When the report was released, Patricia Denholm, the director of Curriculum Instruction and Professional Development Eastern Regional High School, said a committee was formed with administrators, teacher, parents and students to start planning. For the most part, curriculum won’t change at Eastern Regional because students are required to take the recommended science and math courses.

But she acknowledges any changes and stiffer requirements for graduation come with risks.

“The real challenge is that now, if the state said these are the minimum requirements, that’s what we have to offer,” Denholm said. “At the same time, we have to have these without a detrimental effect. If you’re putting students in higher level courses, the challenge is how we can support those students so they can be successful.”

The dramatic changes schools must adapt to would arrive for the current seventh graders who could not earn a diploma without: three years of a lab science, three years of math including algebra II or an equivalent higher-level math course and an extra half-year of social studies tied in with half year of economics.

Each course would also correlate to new end of the year course assessments for all classes. These would replace the state’s high school proficiency assessment or HSPA.

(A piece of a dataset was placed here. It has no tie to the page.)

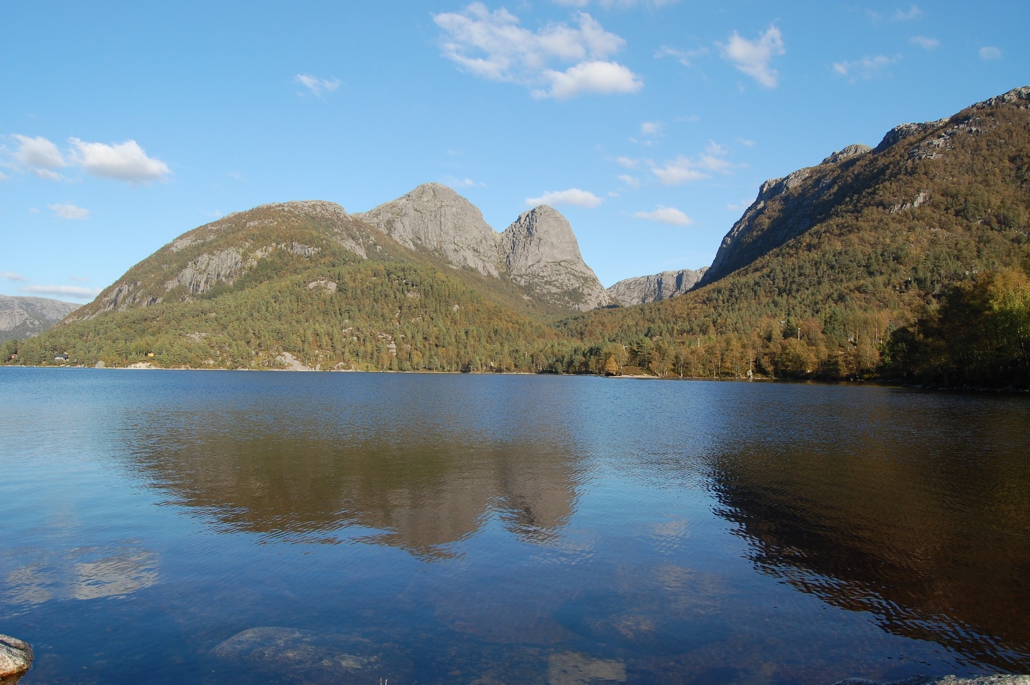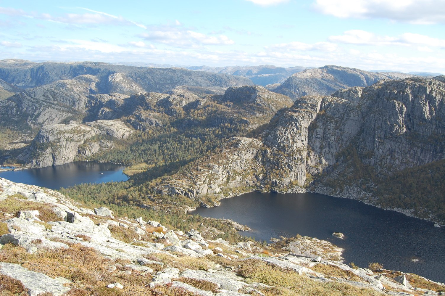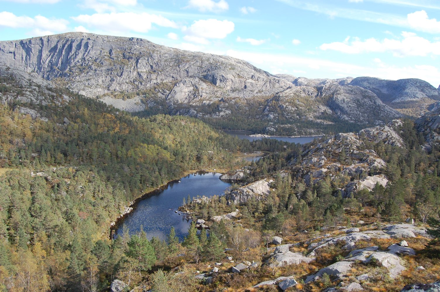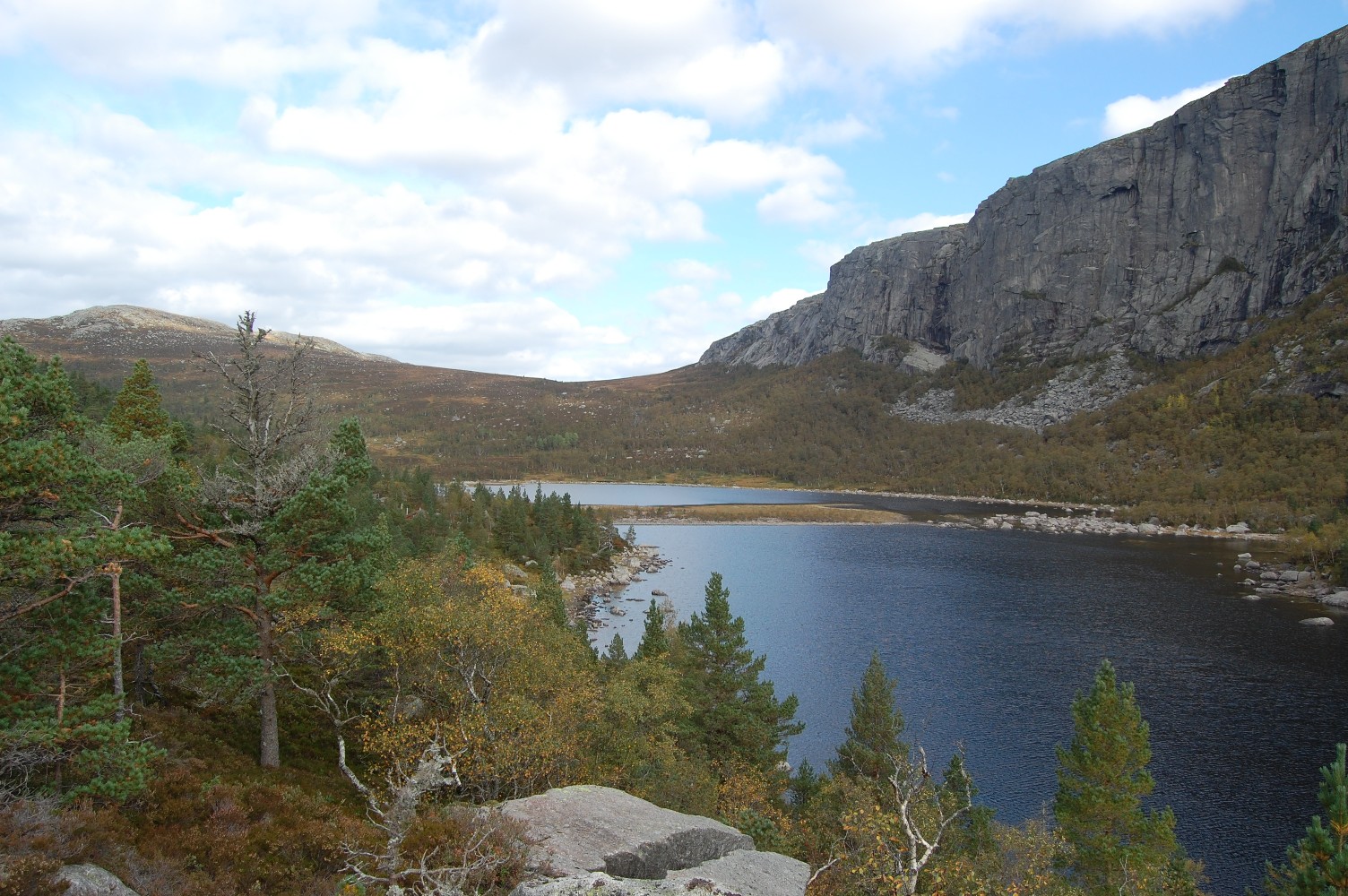 Kaare_70 Skrevet 29. september 2009 Forfatter Skrevet 29. september 2009 Angående furuskog, så er det noe, men ikke veldig mye, men faktisk er området rundt Longavatnet og Forenesvatnet (betegnende navn) vernet pga. urskog av nettopp fore/furu. Dette er furuskog som sikkert er mange hundre år gammel og som har fått stå og skjøtte seg selv. Derfor er det også endel spesielle lavarter osv. i området. Ellers er det noe furuskog bl.a. rundt Småsildalen, se det karakteristiske siste bildet mitt. For de som ikke er kjent i området, er dette nærmeste nabo i nord til den langt mer kjente Preikestolen. Så de av dere som har vært der, har sett innover dit bildene er tatt. Vi som er fra området, regner jo også Preikestolen som en del av Jørpelandsheia. Nå er det faktisk seriøse planer om å fremme forslag om nasjonalpark i området. Jeg tviler vel på at det går, men en eller annen form for fredning burde la seg gjøre. Som sagt, er hele området en kraftutbyggers våte drøm, og har vært det siden de første dammene ble anlagt for ca. 100 år siden. Av andre flotte turmål i området kan nevnes Reinarknuten (787moh), ruvende over Rv. 13 langs Tysdalsvatnet og de for lengst nedlagte Hengjande- og Bratteligardane som nås ved å ta til venstre i Neverdalsskardet halvvegs til Preikestolen (altså innover langs nordsida av Lysefjorden). Fra Bratteli kai ved Lysefjorden får man om sommeren skyss av turistferja som setter kikkerten på kaien og plukker opp folk. Har selv blitt med på film fra ferjeturister som synes det er litt eksotisk når ferja legger snuten til den lille kaien og vi hopper om bord.
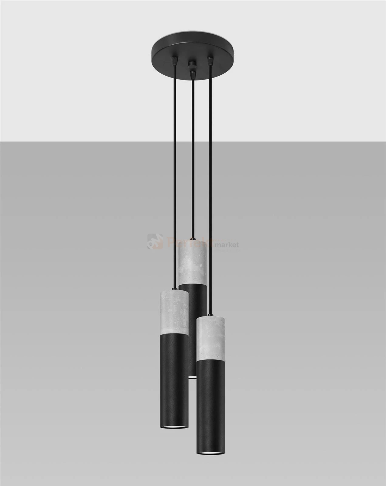 Lampa wisząca beton stal BORGIO 3P walce czarna Sollux SL.1081

“We’re currently preparing students for jobs and careers that don’t exist because they haven’t been created. That shifts the way we do business in education,” said Cherry Hill School District Director of Curriculum Claudia Lyles. “We need to make sure children are able to think. They’re able to reason, that they are able to make adjustments, and they can function in a global marketplace. That is going to require a different skill set. So as we move forward in our curriculum review process, we set questions for ourselves along those lines.”

Lyles said Cherry Hill, too, is well positioned to make this transformation. Many students take some algebra in eighth grade. But the district will have to reshape some of the curriculum because graduation now requires 115 credits, not the state’s new proposed goal of 120.

Woodbury Schools Superintendent Joseph Jones said his smaller district should also be able to make the transition well, with some changes.

“We haven’t seen all of the details yet, but the early outline the state is expecting the district to do shows we’re already on course here at Woodbury,” Jones said. “We’ve changed some of our offerings so students will be able to take those rigorous courses the state is expecting all students to take.”

In Camden, the picture is not so rosy. While several of its high schools, including Brimm Medical Arts, have adequate lab facilities, there is concern from Camden School Board members that the comprehensive high schools are ill-equipped to handle the influx of students taking these classes.

At a work session meeting in October, board member Jose Delgado could only point to a handful of labs in the district, and at an estimated $400,000 for a fully functioning lab, he wondered where the money would come from to build the necessary facilities to handle the workload.

Last week, at the New Jersey School Boards Association convention in Atlantic City, board member Theo Spencer said the state mandates too much without offering sufficient financial support.

“We are so far behind, we have no hope of really reaching the standards,” Spencer said. “That doesn’t mean kids won’t get the best of what we have, but we need money to meet them.”